WSJ Historically Speaking: Austen, Anonymous Writers and History

ILLUSTRATION: THOMAS FUCHS

It is a truth universally acknowledged that “Pride and Prejudice” by Jane Austen —who died 200 years ago this month—is one of the most romantic and popular tales ever written. Behind the global adoration she enjoys today lies the irony that in her own time Austen’s name never appeared on her books.

In “Pride and Prejudice” she was simply the author of “Sense and Sensibility,” which had carried the title “By a Lady.” Her veil of anonymity worked so well that even friends of the Austen family had no idea that dear, sweet spinster Jane was a novelist of repute. An acquaintance of her brother Henry actually told him that “Pride and Prejudice” was “much too clever to be the work of a woman.” Austen’s decision to publish anonymously was par for the course before the mid-19th century. Writing for money was akin to taking on paid work—something that few gentlemen, much less gentle ladies, would ever consider.
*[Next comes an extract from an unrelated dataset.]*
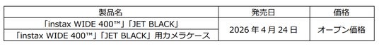富士フイルム株式会社(本社:東京都港区、代表取締役社長・CEO:後藤 禎一)は、instax(TM)“チェキ”のアナログインスタントカメラ「instax(インスタックス) WIDE(ワイド) 400(フォーハンドレッド)(TM)」(以下「WIDE 400」)の新色 「JET(ジェット) BLACK(ブラック)」を2026年4月24日より発売します。また、本体カラーに合わせたカメラケースを同時発売します。

Authors of politically controversial tracts also frequently chose to be invisible, for reasons of safety or to let their views stand on their own. Tom Paine, author of “Common Sense,” which galvanized American public opinion in favor of revolution in 1776, kept his identity hidden for a short time after publication. “The Federalist Papers,” urging ratification of the Constitution, were famously the work of Publius, the joint pseudonym adopted by Alexander Hamilton, James Madison and John Jay.

But for a woman, there was the added burden of societal expectations regarding “female respectability,” which characterized any sort of publishing or public display of talent as not just vulgar but unchaste behavior. As Virginia Woolf declared in “A Room of One’s Own”: “I would venture to guess that Anon, who wrote so many poems without signing them, was often a woman.”

It wasn’t only fear about propriety that deterred women from writing under their own names. Despite the esteem afforded Austen, women’s writing was seldom taken seriously, as Charlotte Brontë, author of “Jane Eyre,” discovered when she sent her poetry to the poet laureate Robert Southey, who responded: “Literature cannot be the business of a woman’s life.” Brontë used the pseudonym Currer Bell to publish “Jane Eyre” in 1847, while her sister Emily published “Wuthering Heights” as Ellis Bell in the same year.

They joined a long list of women authors who felt they had to hide. Mary Shelley’s “Frankenstein” had come out anonymously in 1818, while Mary Anne Evans wrote “Middlemarch” and her other novels under the pen name George Eliot.

In theory, the great strides toward gender equality in the 20th century should have made it unnecessary for women writers to follow the same path as Austen, unless driven by personal reasons. In a 2016 interview with the Guardian, the Italian novelist Elena Ferrante claimed that her use of a pseudonym let her “concentrate exclusively and with complete freedom on writing and its strategies.”

But in practice, certain prejudices just won’t go away, making a pen name appear to be the only option. Joanne Rowling, author of the Harry Potter novels, was advised to become J.K. Rowling because, as Connie Ann Kirk’s biography puts it, “boys might frown on picking up a book by a woman.”

Virginia Woolf was more right than she knew: “Anonymous” is still often a woman.